Only the lines from the one containing "姚明与王大锤的篮球传奇之路:从赛场到生活的精彩碰撞与友谊的升华" to the end of the records belong in the copy. Reproduce them word for word and drop the pictures.

───

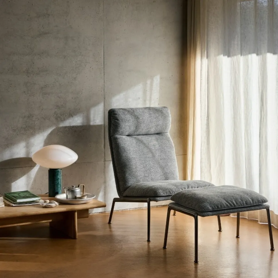 Muno-serien er betegnet med en ubesværet elegance, som indbegrebet af skandinaviske og italienske designprincipper. Muno loungestolen har en karakteristisk høj ryg og inviterer brugerne til at læne sig ind i stille øjeblikke med rigelig højde til at hvile hovedet. Den svage hældning af den skrånende base forbedrer stolens kropsholdning og giver en generel følelse af lethed.
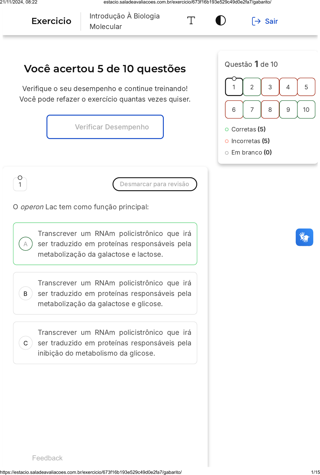 Você acertou 5 de 10 questões Verifique o seu desempenho e continue treinando! Você pode refazer o exercício quantas vezes quiser. Verificar Desempenho A B C 1 Desmarcar para revisão O operon Lac tem como função principal: Transcrever um RNAm policistrônico que irá ser traduzido em proteínas responsáveis pela metabolização da galactose e lactose. Transcrever um RNAm policistrônico que irá ser traduzido em proteínas responsáveis pela metabolização da galactose e glicose. Transcrever um RNAm policistrônico que irá ser traduzido em proteínas responsáveis pela inibição do metabolismo da glicose. Questão 1 de 10 Corretas �5� Incorretas �5� Em branco �0� 1 2 3 4 5 6 7 8 9 10 Exercicio Introdução À Biologia Molecular Sair Feedback 21/11/2024, 08:22 estacio.saladeavaliacoes.com.br/exercicio/673f16b193e529c49d0e2fa7/gabarito/ https://estacio.saladeavaliacoes.com.br/exercicio/673f16b193e529c49d0e2fa7/gabarito/ 1/15 D E Transcrever um RNAm policistrônico que irá ser traduzido em proteínas responsáveis pela inibição do metabolismo da galactose e lactose. Transcrever um RNAm monocistrônico que irá ser traduzido em proteínas responsáveis pela metabolização da galactose e lactose. Resposta correta Parabéns, você selecionou a alternativa correta. Confira o gabarito comentado! Gabarito Comentado O operon Lac é um conjunto de genes que trabalham juntos para realizar uma função específica, neste caso, a metabolização da galactose e lactose. A alternativa correta é a A, pois o operon Lac transcreve um RNAm policistrônico, que é um único RNA mensageiro que codifica para múltiplas proteínas. Essas proteínas são responsáveis pela metabolização da galactose e lactose, que são tipos de açúcares. Portanto, a principal função do operon Lac é transcrever um RNAm policistrônico que será traduzido em proteínas responsáveis pela metabolização da galactose e lactose. 2 Marcar para revisão A metilação e a acetilação têm papel importante na compactação e descompactação do DNA em eucariotos, devido à sua modulação das histonas. Sobre o processo de metilação, assinale a alternativa correta. 21/11/2024, 08:22 estacio.saladeavaliacoes.com.br/exercicio/673f16b193e529c49d0e2fa7/gabarito/ https://estacio.saladeavaliacoes.com.br/exercicio/673f16b193e529c49d0e2fa7/gabarito/ 2/15 A B C D E Adição de grupamentos metila favorece a compactação do DNA pelas histonas, impossibilitando a atuação da maquinaria transcricional. Remoção de grupamentos metila favorece a compactação do DNA pelas histonas, impossibilitando a atuação da maquinaria transcricional. Adição de grupamentos metila dificulta a compactação do DNA pelas histonas, impossibilitando a atuação da maquinaria transcricional. Remoção de grupamentos metila dificulta a compactação do DNA pelas histonas, impossibilitando a atuação da maquinaria transcricional. Adição e remoção de grupamentos metila dificultam a compactação do DNA pelas histonas, impossibilitando a atuação da maquinaria transcricional. Resposta correta Parabéns, você selecionou a alternativa correta. Confira o gabarito comentado! Gabarito Comentado A compactação e descompactação do DNA em eucariotos são controladas pelas proteínas histonas, que desempenham um papel crucial na regulação gênica. As histonas determinam o grau de compactação da cromatina e são moduladas por pequenas alterações químicas em sua estrutura. A metilação, que envolve a adição de grupamentos metila, favorece a compactação do 21/11/2024, 08:22 estacio.saladeavaliacoes.com.br/exercicio/673f16b193e529c49d0e2fa7/gabarito/ https://estacio.saladeavaliacoes.com.br/exercicio/673f16b193e529c49d0e2fa7/gabarito/ 3/15 A B C D E DNA pelas histonas, o que impede a atuação da maquinaria transcricional. Por outro lado, a acetilação, que envolve a adição de grupamentos acetil, favorece a descompactação do DNA, permitindo a atuação da maquinaria de transcrição. 3 Marcar para revisão A origem da vida é uma das questões mais polêmicas e que intrigam a humanidade. Como a vida originou-se na Terra? Na tentativa de responder essa questão, surgiram várias hipóteses. �Origem da Vida. Disponível em:https://www.biologianet.com/origem-universo-vida. Acessado em 21/09/2022�. Uma das hipóteses se baseia na ideia da formação espontânea. Assinale a alternativa que contém o nome dessa teoria. Criacionismo. Darwinismo. Lamarckismo. Teoria de Oparin e Haldane Teoria da panspermia. Resposta incorreta Opa! A alternativa correta é a letra D. Confira o gabarito comentado! 21/11/2024, 08:22 estacio.saladeavaliacoes.com.br/exercicio/673f16b193e529c49d0e2fa7/gabarito/ https://estacio.saladeavaliacoes.com.br/exercicio/673f16b193e529c49d0e2fa7/gabarito/ 4/15 Gabarito Comentado Entre as diversas teorias que tentam explicar a origem da vida, a Teoria de Oparin e Haldane se destaca por propor a ideia da formação espontânea de pequenas moléculas orgânicas. Segundo essa teoria, essas moléculas, ao longo do tempo, passaram a se organizar de maneira cada vez mais complexa até se replicarem e evoluírem, formando as células primitivas. A Teoria da Panspermia, por outro lado, sugere que a vida na Terra pode ter sido originada a partir de compostos orgânicos presentes em meteoritos. No entanto, essa teoria ainda carece de evidências científicas suficientes para ser amplamente aceita. O Criacionismo, o Darwinismo e o Lamarckismo são outras teorias que tentam explicar a origem e a evolução da vida, mas não se baseiam na ideia de formação espontânea. O Criacionismo é uma visão religiosa que atribui a criação do universo e de todos os seres vivos a Deus, enquanto o Darwinismo e o Lamarckismo são teorias científicas que explicam a evolução das espécies. 4 Marcar para revisão "Uma dica para quem quer entender com mais facilidade o vocabulário da ciência moderna: aprenda as preposições do 
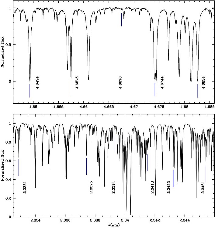 Figure 2 illustrates the KS − and M− bands IR telluric spectra, where CO absorption lines are clearly identified with our computed lines. In these regions the absorption features present in the atmosphere are caused by water vapour, carbon dioxide and greenhouse gases.
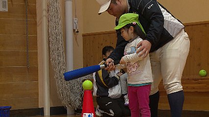 子どもたちに野球の楽しさを知ってもらおうと、おととい(12日、火曜日)、遠野高校野球部によるティーボール教室が市民体育館で開かれました。この教室は、野球やソフトボールに似たスポーツ、「ティーボール」を通じて子どもたちに野球の楽しさを知ってもらおうと、遠野高校野球部が地域貢献活動の一環として初めて開きました。この日は、神明保育園の年中児14人が遠野高校野球部の菊池暁監督をはじめ野球部員などに教えてもらいながら、ティーボールを体験しました。このティーボールは、バッティングティーと呼ばれる台にやわらかいボールを置いて、止まったボールを打者が打つ所から始まるスポーツで、年齢問わず誰もが気軽にできるのが特徴となっています。初めに園児たちは、野球部のお兄さんたちと一緒にボールを投げ合ってコミュニケーションをとったあと、さっそく、バットを握ってティーボールに挑戦しました。ほとんどの園児たちは野球未経験ということもあり、空ぶりをする場面が多く見られましたが、お兄さんたちからやさしく手ほどきを受けると、みるみる上達しバットにボールを当てることが出来ていました。なお、遠野高校野球部では、野球の楽しさを知ってもらうため、来年度以降も市内の園児を対象にしたティーボール教室を開いていくということです。Copyright(C) TonoCableTelevision. All rights reserved.
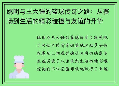 姚明与王大锤的篮球传奇之路:从赛场到生活的精彩碰撞与友谊的升华
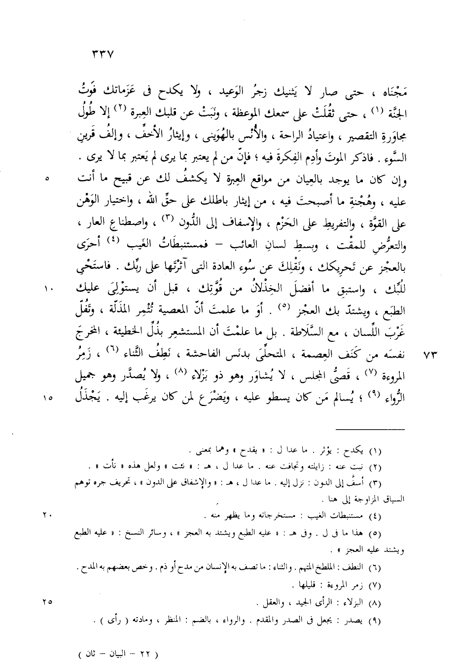 والتفريط على الحزم والاشفاق علىالدون واصطناع العار والتعرض للمقت وبسط لسان العائب فمستنبطات الغيب احرى بالعجز عن تحريكك ونقلك عن سوء العادة التي اثرتها على ربك فاسحي للبك واستبق ما أفضل الخذلان من قوتك قبل ان يستولي عليه الطبع ويشتد عليه العجز او ما علمت ان المعصية تثمر المذلة وتفل غرب اللسان مع السلاطة بل ما علمت ان المستشعر بذل الخطيئة المخرج نفسه من كنف العصمة المتحلي بدنس الفاحشة قطف الثناء زمر المروءة قصي المجلس لا يشاور وهو ذو بذلاء ولا يصدر وهو جميل الرواء يسالم من كان يسطو عليه ويضرع لمن كان يرغب اليه يجذل@
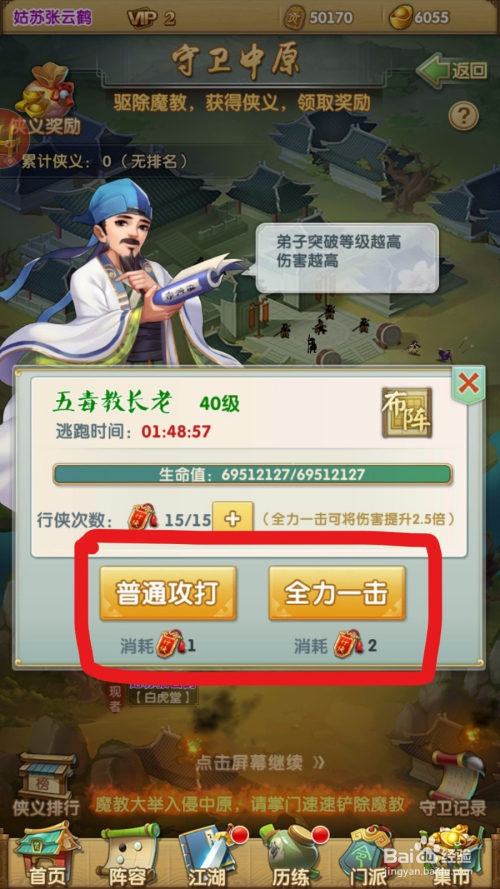 在进入战斗之前,可以选择一个通俗和全力一击。全力一击固然会耗损2次的挑战次数,可是却能获得2.5倍的进犯危险!

───

OUTPUT FOR THIS EXERCISE ->
 姚明与王大锤的篮球传奇之路:从赛场到生活的精彩碰撞与友谊的升华
 والتفريط على الحزم والاشفاق علىالدون واصطناع العار والتعرض للمقت وبسط لسان العائب فمستنبطات الغيب احرى بالعجز عن تحريكك ونقلك عن سوء العادة التي اثرتها على ربك فاسحي للبك واستبق ما أفضل الخذلان من قوتك قبل ان يستولي عليه الطبع ويشتد عليه العجز او ما علمت ان المعصية تثمر المذلة وتفل غرب اللسان مع السلاطة بل ما علمت ان المستشعر بذل الخطيئة المخرج نفسه من كنف العصمة المتحلي بدنس الفاحشة قطف الثناء زمر المروءة قصي المجلس لا يشاور وهو ذو بذلاء ولا يصدر وهو جميل الرواء يسالم من كان يسطو عليه ويضرع لمن كان يرغب اليه يجذل@
 在进入战斗之前,可以选择一个通俗和全力一击。全力一击固然会耗损2次的挑战次数,可是却能获得2.5倍的进犯危险!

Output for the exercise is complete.